@Jean Keim
’’Dieu, les dieux sont finalement. dans leurs attributs, des créations
humaines, quel que soit le cheminement qui a concouru à leur invention’’
La racine première vient que les humains cherchent une cause à tout phénomène, donc à l’aube de l’humanité, il a fallu expliquer les causes du tonnerre, du jour et la nuit, etc. et cela ne pouvait être du qu’à des puissances supérieures à la nôtre.
Puis, constatant qu’on pouvait penser et rêver, qu’on rêvait parfois des ancêtres et de choses mystérieuses, la pensée a été considérée comme une entité spécifique, voilà pour l’esprit ; La vie est également un mystère car elle anime la matière, encore un item spécifique, voilà pour l’âme comme souffle de vie qui peut éventuellement subsister ou revenir animer un autre vivant.
On peut alors l’exprimer sous forme de mythes ou de traités selon qu’on soit mystique ou philosophe, et l’instrumentaliser pour affermir le pouvoir des rois et des mages.

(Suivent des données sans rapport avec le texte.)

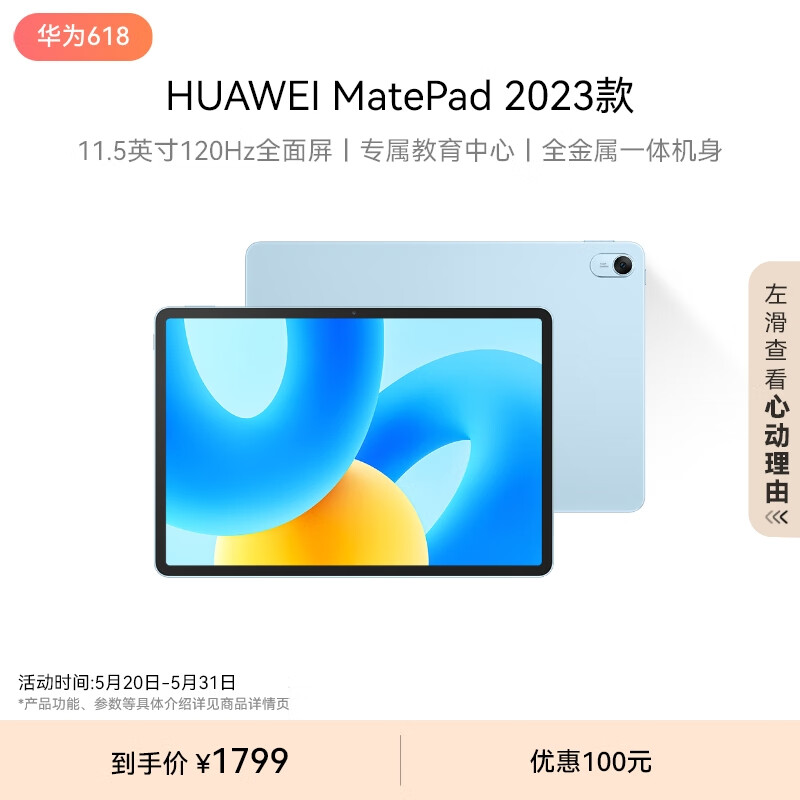 HUAWEI MatePad 2023款标准版华为平板电脑11.5英寸120Hz护眼屏学生学习娱乐平板8+256GB 海岛蓝价格:1799.00元!
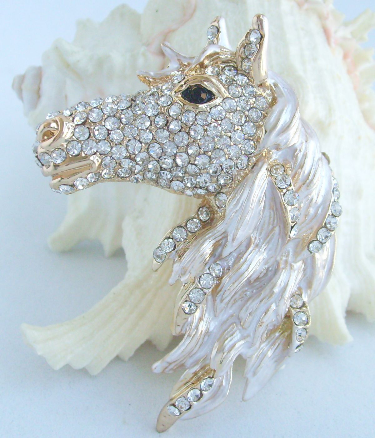 Sindary Unique Rhinestone Crystal Animal Horse Brooch Pin Pendant BP06535 (Gold-Tone Clear) 35g

Et puis peu à peu la connaissance des choses s’est enrichie, finalement la nuit et le jour ce sont les astres qui tournent, le tonnerre vient de charges électriques entre le sol et les nuages, la vie vient de phénomènes biologiques, l’esprit est généré dans les neurones cérébraux, la part du divin s’est restreint.
Reste le Grand Architecte ou Législateur des lois de la nature (majuscules déïfiques, comme disait un intervenant croisé naguère), qui a oublié le monde matériel après son apparition, il est aux abonnés absents des prières qui demandent la paix dans le monde depuis des millénaires. Ou alors, les lois de la nature sont inhérentes aux particules et sous-particules de notre instance d’univers (vision spinoziste, finalement). Le principe d’économie de concepts me fait plutôt pencher pour la seconde option.